The evening provided me with two real whoops of pleasure as an award was announced (which is perhaps all an Oscar viewer can ask for: a couple of bursts of genuine vicarious joy). Iranian director Asghar Farhadi’s win for A Separation for best foreign language film felt like a vote of confidence in so many good things at once: A world where the United States and Iran would enjoy a more open, less paranoid relationship (an outcome Farhadi explicitly mentioned in his moving acceptance speech); a world where theocratic regimes like Iran’s would no longer be able to imprison dissident filmmakers at will; and a world where smart, complex, demanding movies like A Separation get internationally recognized as the masterpieces they are.

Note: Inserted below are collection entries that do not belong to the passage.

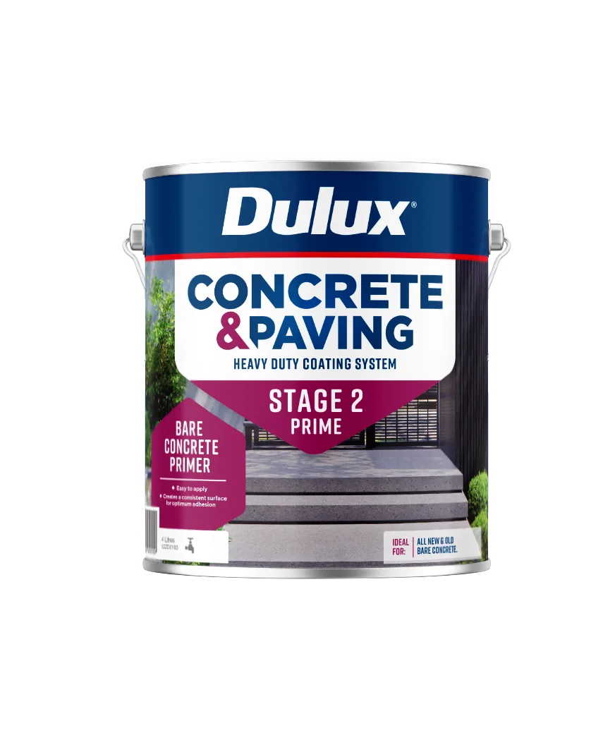 Dulux Concrete & Paving Bare Concrete Primer is the second stage in preparing bare concrete surfaces for the finishing coat. It is formulated to reinforce the surface for optimal adhesion of subsequent coats of paint.
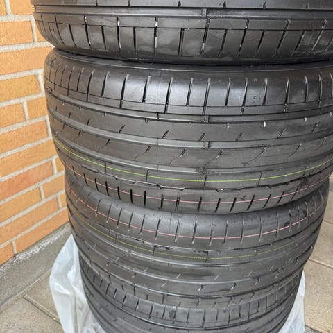 255 45 19 Tesla Y Ny Sommerdæk Continental Sport 7 100% monster DOT25 Normal pris 8500 kr Afhentning skal koordineres, da de står opbevaret hos min dæk mand
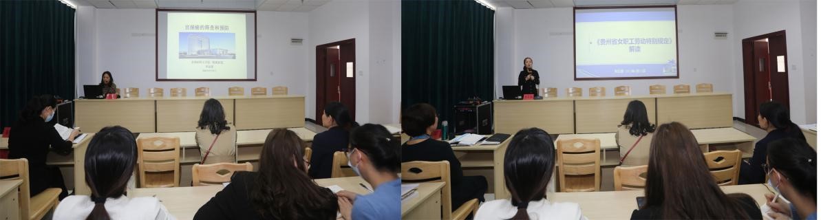 我院妇科主任、主任医师李远珺以“宫颈癌的筛查及预防”为题进行授课。女职工委员会主任朱红妞对《贵州省女职工劳动保护特别规定》进行解读。
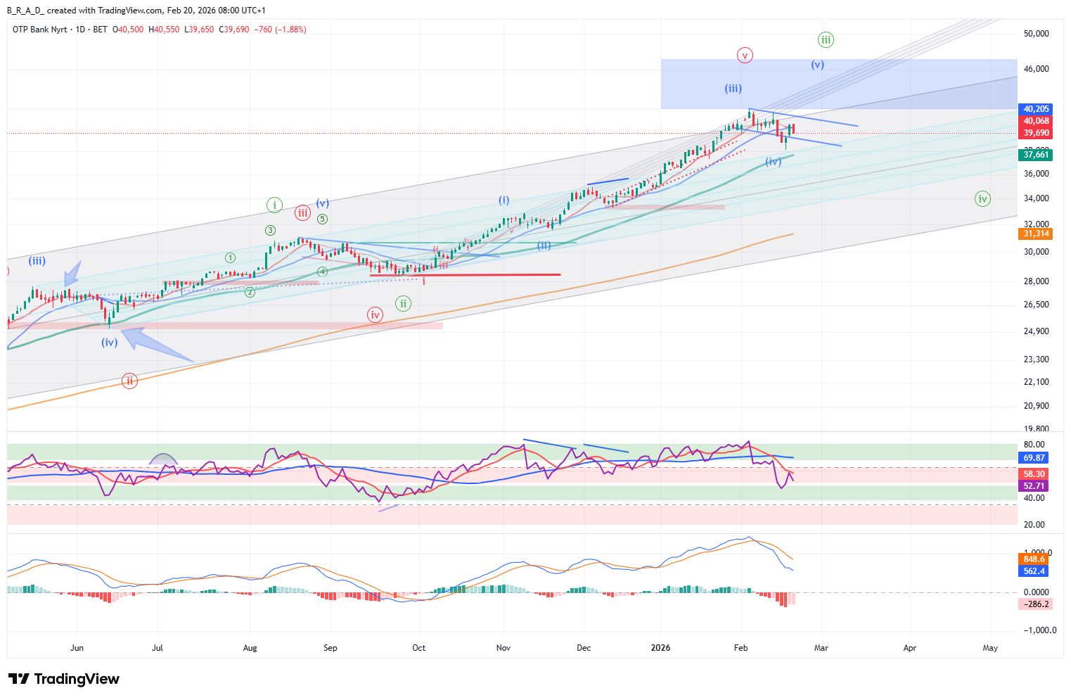 A következő időszakban a legnagyobb esélyt annak adjuk, hogy 39.100 alá beesik az árfolyam, mely egy 400 pontos sáv teteje, ha a sáv megfogja az esést, akkor emelkedés indulhat, amely 41.000 fölé viheti a részvény árfolyamát. A korábbi alj 38.130-nál bull szempontból kritikus szint, letörése egy időre elveti az új csúcs kialakulásának lehetőségét.
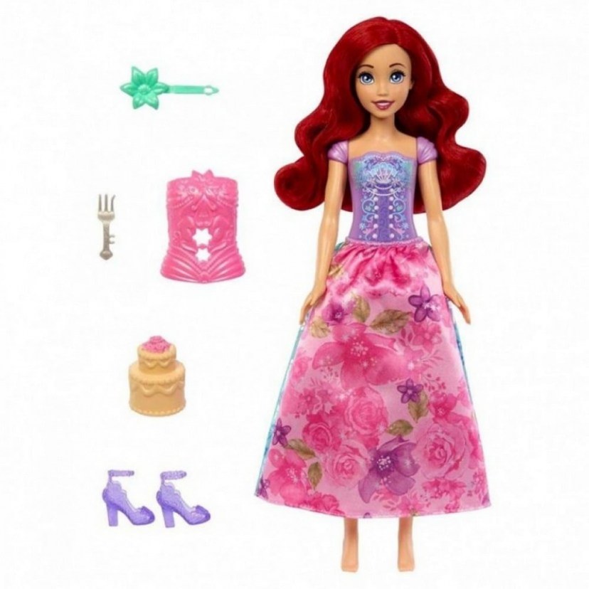 Η Κούκλα Disney Princess: Spin Reveal - Ariel Doll (HTV88) προσφέρει μια μαγευτική εμπειρία unboxing που θα ενθουσιάσει τα παιδιά! Εμπνευσμένη από την αγαπημένη ηρωίδα της ταινίας Η Μικρή Γοργόνα, η κούκλα Άριελ αποκαλύπτει πολλές εκπλήξεις με κάθε περιστροφή της συσκευασίας. Η διαδικασία ξεκινά όταν τα παιδιά ανοίγουν το λουλούδι και ανακαλύπτουν ένα σκηνικό κήπου με μυστικές φιγούρες, που εμπνέονται από την Άριελ. Στη συνέχεια, περιστρέφοντας τη συσκευασία, αποκαλύπτονται 5 μυστικά σακουλάκια, το καθένα με αξεσουάρ μόδας και αυτοκόλλητα για να εμπλουτίσουν το παιχνίδι και τη φαντασία. Η τελευταία έκπληξη είναι η κούκλα Άριελ, που φοράει ένα πανέμορφο λουλουδάτο σύνολο με διπλής όψης φούστα και τοπ που κουμπώνει πάνω στην κούκλα. Η Άριελ έχει μακριά μαλλιά και συνοδεύεται από αξεσουάρ όπως παπούτσια για να ολοκληρώσει την εμφάνισή της. Τα παιδιά μπορούν να διακοσμήσουν το σκηνικό με τα αυτοκόλλητα που περιλαμβάνονται και να χρησιμοποιήσουν αυτό το μαγικό περιβάλλον για να δημιουργήσουν τις δικές τους ιστορίες και περιπέτειες με την Άριελ και τα υπόλοιπα αξεσουάρ της!
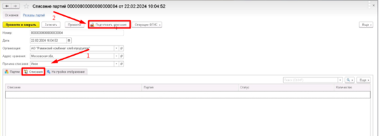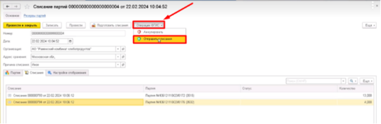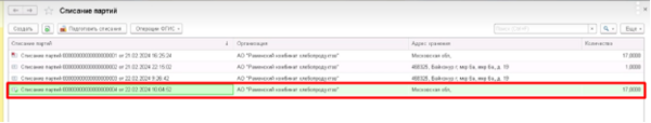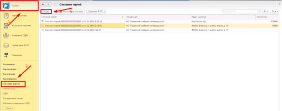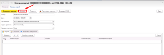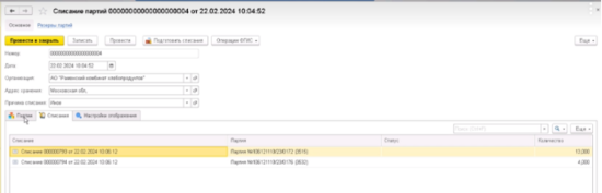 - Зайти в раздел Списание партий
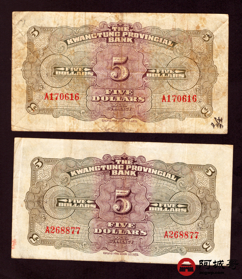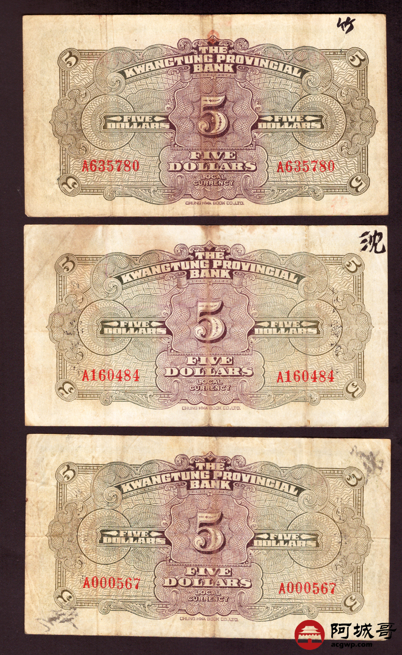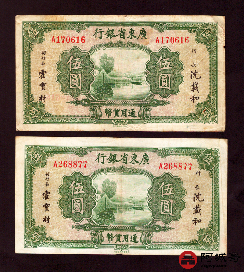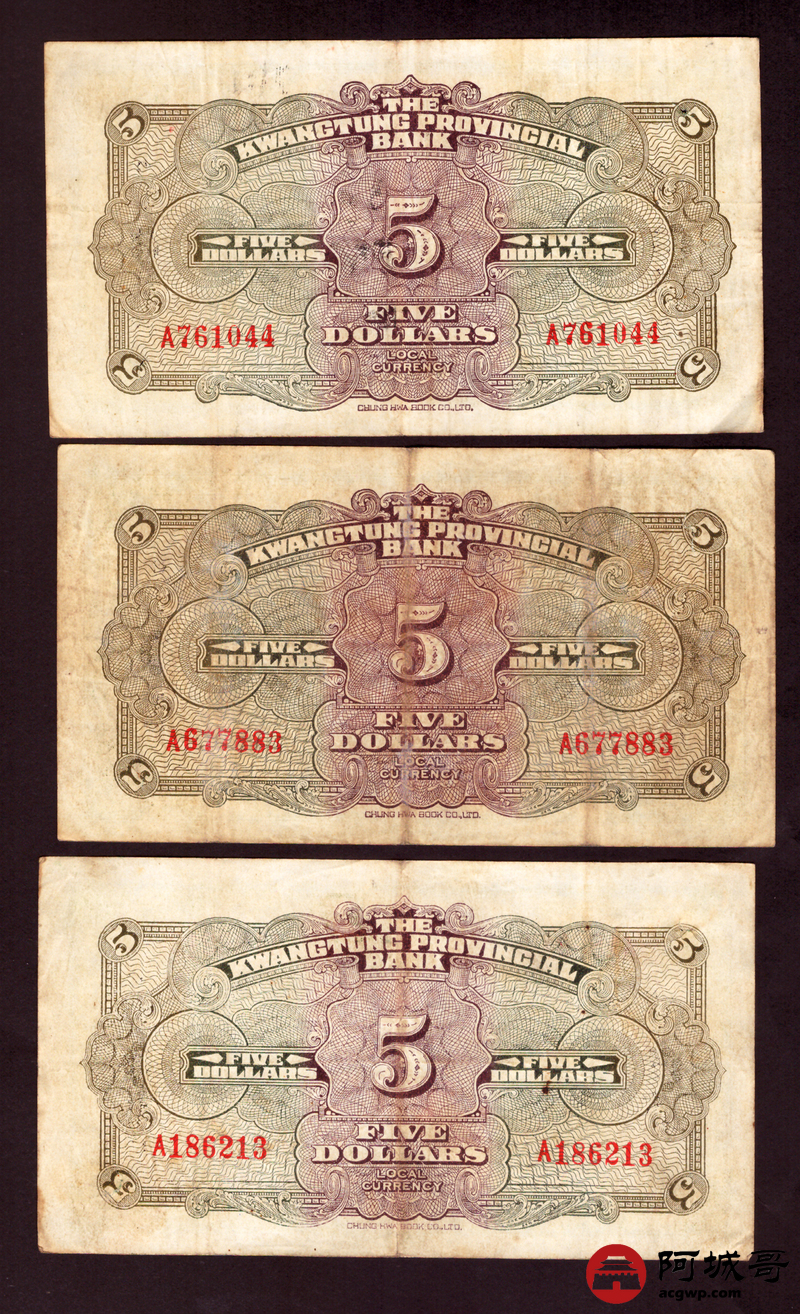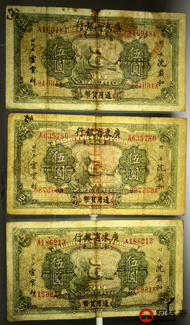 Lot:19 广东省银行 伍圆 8张 孔 69成新
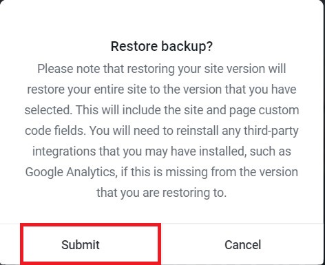 4. Confirm that you want to restore the backup by clicking on Submit in the pop-up window.
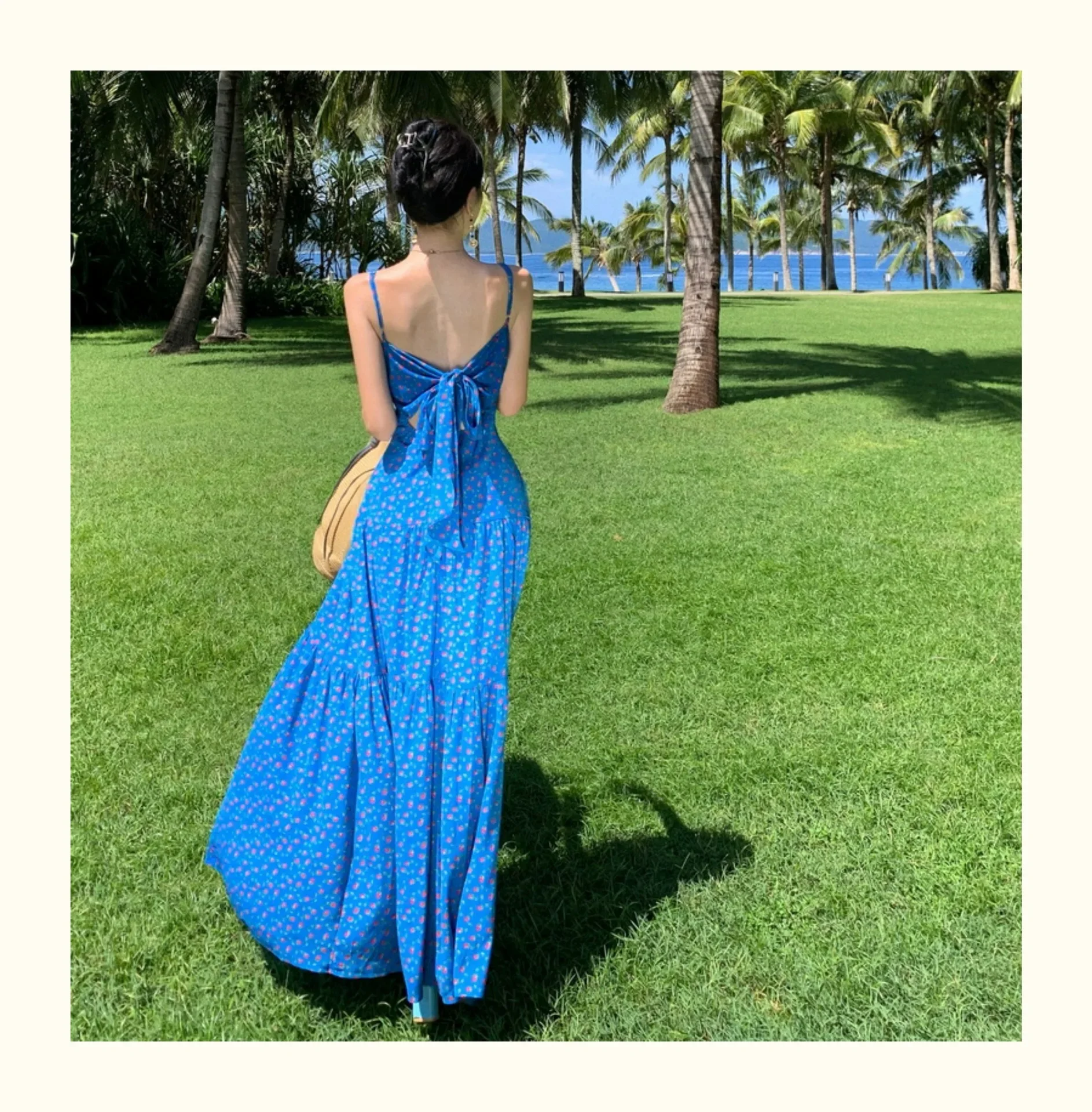 Blue Floral Halter Dress Women Summer Butterfly Knot Back High Waist Slim Long Skirt Beach Photo Clothes Sleeveless Empire Waist

Then there was Meryl Streep’s best actress upset—an upset by the standards of this year’s set-in-stone race, anyway—a mild but pleasurable surprise that made me realize I’d secretly wanted her to win all along. The Iron Lady was terrible, yes, but that made her triumph in it all the more surprising—how could a movie this bad contain a performance this good? And for all the awards she’s garnered over the past 30 years, for all the genuine graciousness with which she’s insisted Viola Davis should get this award—for all that, you could tell from her face when she found out that Streep really wanted it. That was what I loved most about Meryl’s funny, heartfelt, perfect acceptance speech: her self-mocking but not faux-humble admission that, oh yes, she cared all right. Her mimicking of the reaction of a Streep-fatigued America—“Oh come on, whyyyy? Her again?”, followed by a breezy wave of the hand and a dismissive “Whatever!”—has me on the floor even rewatching it the day after (I also cried a second time during her fluttering tribute to the makeup and hair man she’s worked with for 30 years, who had just won an Oscar for The Iron Lady.) The French have that expression, bien dans sa peau, for a person who feels “good in her skin,” who seems somehow at ease with the fact of being alive. I may never have Meryl Streep’s talent or fame or shimmering 62-year-old complexion, but we can all aspire to that one day being that bien in our peau.

A few more things that made me laugh, cry, and cringe last night, and then we’ll adjourn till next year. Thanks for sticking with me through Oscar season, guys. We made it!

—Octavia Spencer’s sweet, flustered, weepy, sadly truncated acceptance speech for best supporting actress for The Help, and the preceding clip from the movie that reminded us how much she deserved the award. Her Minny was a marvelous comic creation, but the character’s rage and resentment were always close to the surface—it was a more demanding role in some ways than Viola Davis’, and Viola will get her Oscar soon enough. I also liked Octavia’s get-off-my-back response to a reporter who asked her backstage about the lack of diversity in the Academy: “I can’t tell the Academy what to do, honey. They just gave me an Oscar.” (A moment later, Spencer turned back to the same reporter, saying, “I didn’t mean to cut you off, ma’am. I just knew where you were going, and I didn’t want to get on that bus.” Polite code for: Let me enjoy my frickin’ Oscar in peace and not have to represent my entire race for a second, lady.)

—The irony of J-Lo and Cameron Diaz quoting legendary Hollywood designer Edith Head as they presented the costume and makeup awards—“A dress should be tight enough to show you’re a woman, but loose enough to prove you’re a lady”—while wearing gowns skintight and low-cut enough to let the secondary sexual characteristics do the talking.

—The frustratingly tiny scraps of that talking-head interview in which Brad Pitt recalls with still-fascinated fondness the first movie he ever remembers seeing, the mid-’60s Japanese horror cheapie The War of the Gargantuas. I would pay good money to watch Pitt analyze that movie scene by scene, preferably while rewatching it stoned on his couch. At the very least, can we hope for a DVD rerelease with a Pitt commentary track?